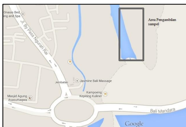
Gambar 1. Peta pengambilan sampel

Sampel sedimen diambil pada tiga titik berbeda pada satu bentangan daerah pertemuan antara air sungai dan air laut di muara Sungai Mati ( 8^{\circ} 44' 36.87'' LS, 115^{\circ} 11' 12.55'' BT) pada kedalaman \pm 10 cm, kira-kira sebanyak 1 kg menggunakan sendok plastik. Pada saat pengambilan sampel diukur suhu dan pH sedimen. Bahan sampel yang terkumpul dimasukkan ke dalam kantong plastik polietilen, disimpan dalam kotak beresid dan segera dibawa ke laboratorium.
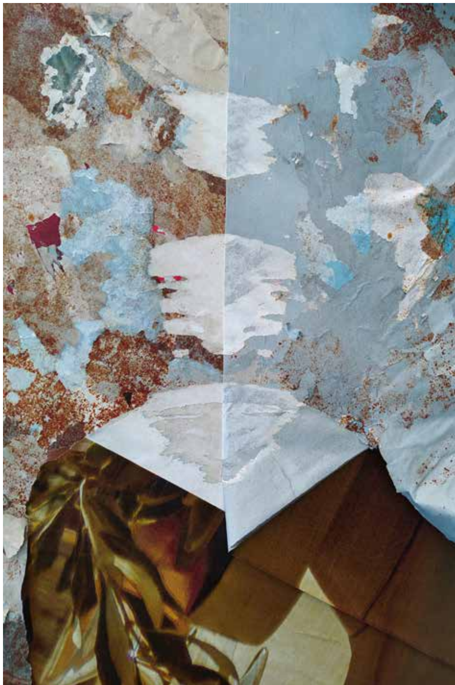
»Prevoj prostora in časa«, 2025, mešana tehnika, papir, 60 × 40 cm

Rojen je leta 1971 v Mariboru. Izobraževanje za kustose sodobne umetnosti je zaključil na SCCA-Ljubljana v letu 2003 pod mentorstvom Mirana Moharja in Gregorja Podnarja. Fokus njegovega ustvarjanja so fotografija, pikturalni in skulpturalni objekti ter prostorske postavitve. Avtorjeva dela so uvrščena na razstave slovenske sodobne umetnosti in mednarodne prikaze. Živi in ustvarja v Mariboru.
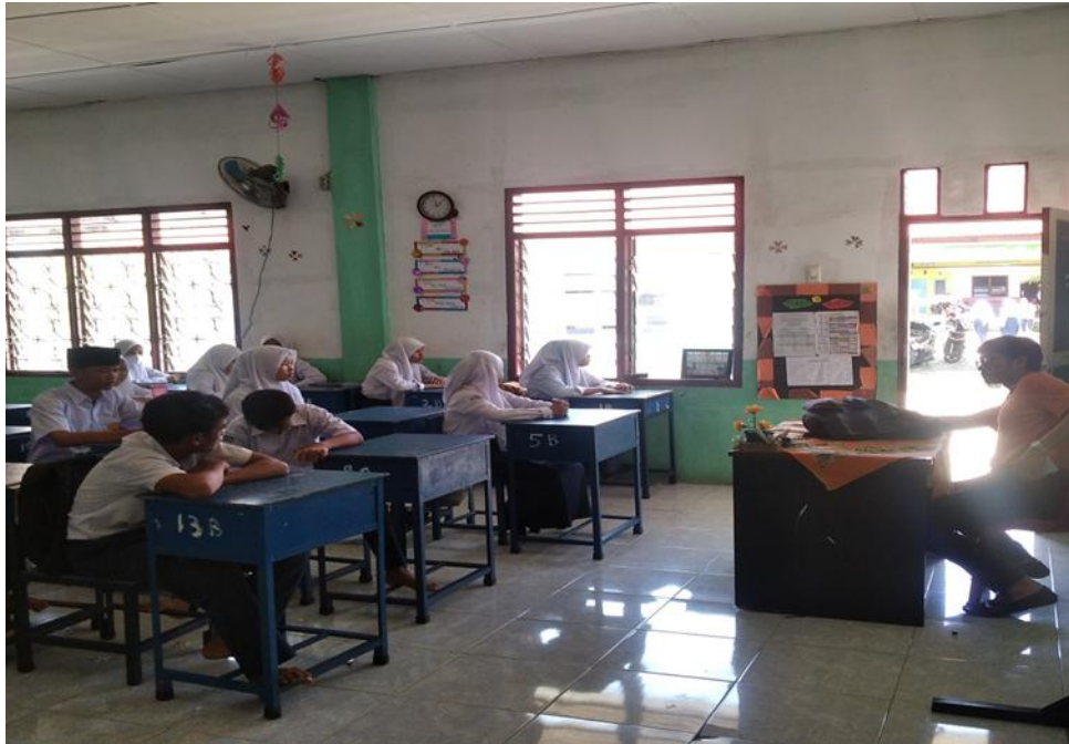
Proses Pembelajaran Pendidikan Agama Islam (PAI)
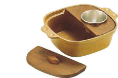
15 アルミ ゆどうぶ鍋 (茶・2枚フタ・仲子付) 〔QYD-02〕 1-2140-1501 ¥7,200 15cm 160×160×H45
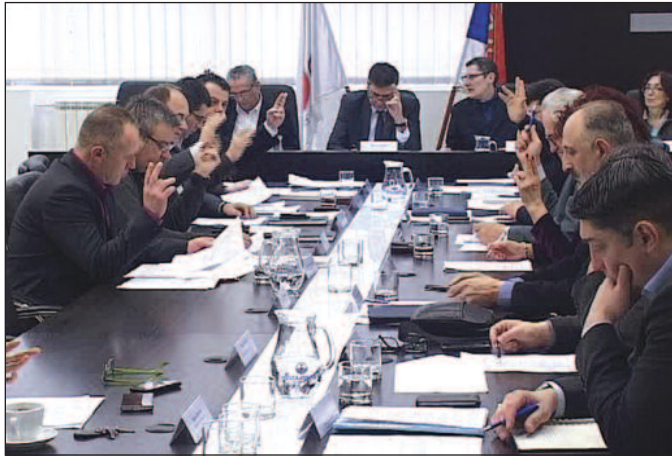
Премијерна седница Градског већа у 2016. години

-Ми смо требали да израдим пројектни задатак како би се кренуло у јавно - приватно партнерство. Међутим, пошто је било сукоба интереса и

+---+

> **Aim of the task**
What you output should match the records line for line, minus the pictures.

> **Expected answer**
Gambar 1. Peta pengambilan sampel

Sampel sedimen diambil pada tiga titik berbeda pada satu bentangan daerah pertemuan antara air sungai dan air laut di muara Sungai Mati ( 8^{\circ} 44' 36.87'' LS, 115^{\circ} 11' 12.55'' BT) pada kedalaman \pm 10 cm, kira-kira sebanyak 1 kg menggunakan sendok plastik. Pada saat pengambilan sampel diukur suhu dan pH sedimen. Bahan sampel yang terkumpul dimasukkan ke dalam kantong plastik polietilen, disimpan dalam kotak beresid dan segera dibawa ke laboratorium.
»Prevoj prostora in časa«, 2025, mešana tehnika, papir, 60 × 40 cm

Rojen je leta 1971 v Mariboru. Izobraževanje za kustose sodobne umetnosti je zaključil na SCCA-Ljubljana v letu 2003 pod mentorstvom Mirana Moharja in Gregorja Podnarja. Fokus njegovega ustvarjanja so fotografija, pikturalni in skulpturalni objekti ter prostorske postavitve. Avtorjeva dela so uvrščena na razstave slovenske sodobne umetnosti in mednarodne prikaze. Živi in ustvarja v Mariboru.
Proses Pembelajaran Pendidikan Agama Islam (PAI)
15 アルミ ゆどうぶ鍋 (茶・2枚フタ・仲子付) 〔QYD-02〕 1-2140-1501 ¥7,200 15cm 160×160×H45
Премијерна седница Градског већа у 2016. години

-Ми смо требали да израдим пројектни задатак како би се кренуло у јавно - приватно партнерство. Међутим, пошто је било сукоба интереса и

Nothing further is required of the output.